This page gives a brief overview of how LMAT is typically run, and example output to give an idea of output formats.
Running LMAT requires as input:
The KmerDB is downloadable in various forms via anonymous ftp at:
ftp://gdo-bioinformatics.ucllnl.org/pub/lmat/. Documentation included with the distribution shows users how to create a custom database as an option. LMAT uses additional files; these are included in the distribution and include data such as the taxonomy tree and gene label database taken from NCBI. Users should perform quality control filtering of query files prior to running LMAT. Since LMAT analyzes the k-mers in each read, N-masking can be used to direct analysis to the portions of each read with the higher quality sequencer values.
A typical usage would be:
./run_rl.sh --marker_library=LMAT_MARKER_LIBRARY --db_file=LMAT_DATABASE
--query_file=METAGENOMIC_QUERY_FILE
Where the query file (METAGENOMIC_QUERY_FILE) is searched against a reduced size database (LMAT_MARKER_LIBRARY) to get a quick answer on taxonomic contents, then the query set is searched against the full database (LMAT_DATABASE) to get a more complete accounting of each read and an improved assessment of sample contents.

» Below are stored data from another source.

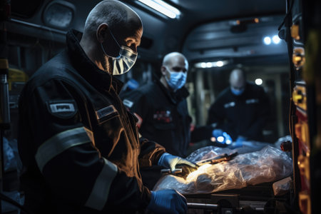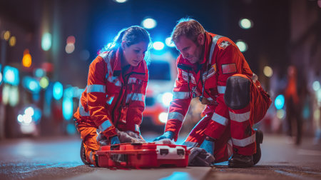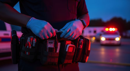 Paramedic gloved hands organizing medical equipment on a utility belt. blurred ambulance lights and vehicle bokeh in the background at night, symbolizing emergency response and healthcare.
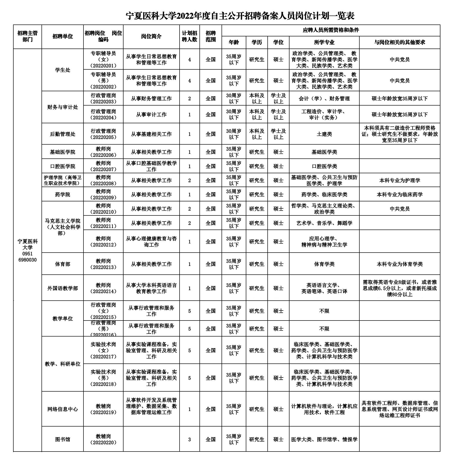 根据《关于高等学校实行人员总量管理试点的意见》(宁党办〔2017〕72号)《关于进一步做好全区事业单位自主公开招聘工作的通知》(宁人社函〔2020〕65号)及《太阳成集团官方网站备案人员管理办法》(宁医校发〔2020〕21号)相关规定,为进一步推进人员总量管理工作,结合学校实际,现就太阳成集团官方网站2022年备案人员公开招聘有关事项公告如下:
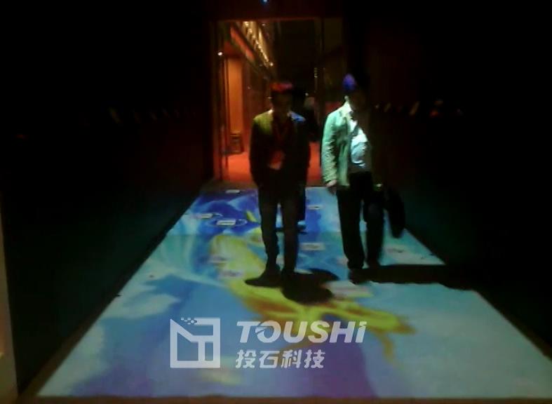 2012年4月,南京投石智能系統(tǒng)有限公司為于2012年4月6日在南京國(guó)際博覽中心舉行的聯(lián)想2012年經(jīng)銷商大會(huì)提供2通道地面互動(dòng)投影服務(wù)。本展示區(qū)域用于展示聯(lián)想公司的LOGO以及筆記本、PAD等電子產(chǎn)品,當(dāng)頂部紅外感應(yīng)攝像機(jī)感應(yīng)到區(qū)域內(nèi)有人走入投影到地面上的畫面時(shí),畫面效果發(fā)生變化,人離開(kāi)后,虛擬的投影畫面恢復(fù)初始動(dòng)態(tài)效果
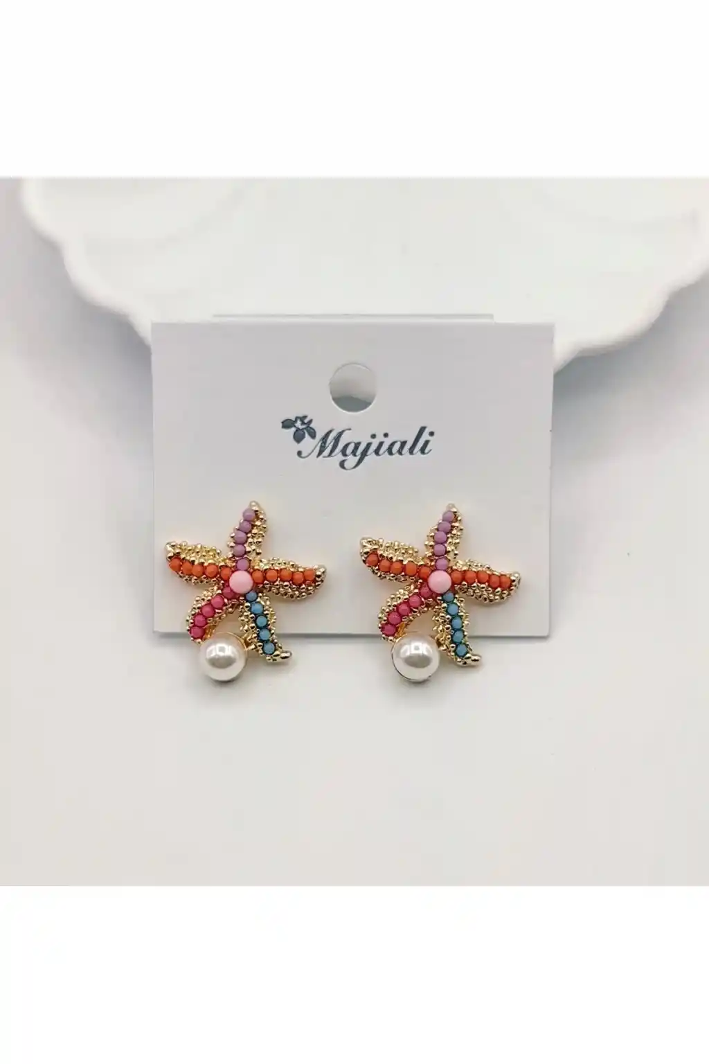 Gümüş Renk Deniz Kabuğu Figürlü Küpe Set

The following example shows the steps needed to process human stool sample SRS049959 (ftp://public-ftp.hmpdacc.org/Illumina/stool/SRS049959.tar.bz2). An example is shown from HMP.

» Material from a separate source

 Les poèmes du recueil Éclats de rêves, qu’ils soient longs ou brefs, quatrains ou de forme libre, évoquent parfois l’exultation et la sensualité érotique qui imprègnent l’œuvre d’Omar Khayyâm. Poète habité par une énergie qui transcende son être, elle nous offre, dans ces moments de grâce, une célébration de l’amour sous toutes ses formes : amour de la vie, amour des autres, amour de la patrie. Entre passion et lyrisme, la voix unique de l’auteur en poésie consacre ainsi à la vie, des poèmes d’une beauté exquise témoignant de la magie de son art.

First merge read pairs into a single read (simple perl utility script included in distribution). LMAT tracks non-redundant k-mers on both strands to alleviate the need for more involved merging and strand orientation of the read pairs
merge_fastq_reads_with_N_separator.pl
SRS049959.denovo_duplicates_marked.trimmed.1.fastq
SRS049959.denovo_duplicates_marked.trimmed.2.fastq
SRS049959.denovo_duplicates_marked.trimmed.fastq
Add singleton reads:
cat SRS049959.denovo_duplicates_marked.trimmed.singleton.fastq
SRS049959.denovo_duplicates_marked.trimmed.fastq
SRS049959.denovo_duplicates_marked.all.fastq
N-mask bases in the read with quality score lower than 10:
seqtk seq -A -q 10 -n N SRS049959.denovo_duplicates_marked.all.fastq
SRS049959.denovo_duplicates_marked.q10mask.all.fasta
(seqtk is available here: https://github.com/lh3/seqtk )
Run the LMAT pipeline:
run_rl.sh --db_file=/local/ramfs/m9.db.16bit.compr500
--query_file=SRS049959.denovo_duplicates_marked.q10mask.all.fasta
(Here, only the full database was run, not the marker library)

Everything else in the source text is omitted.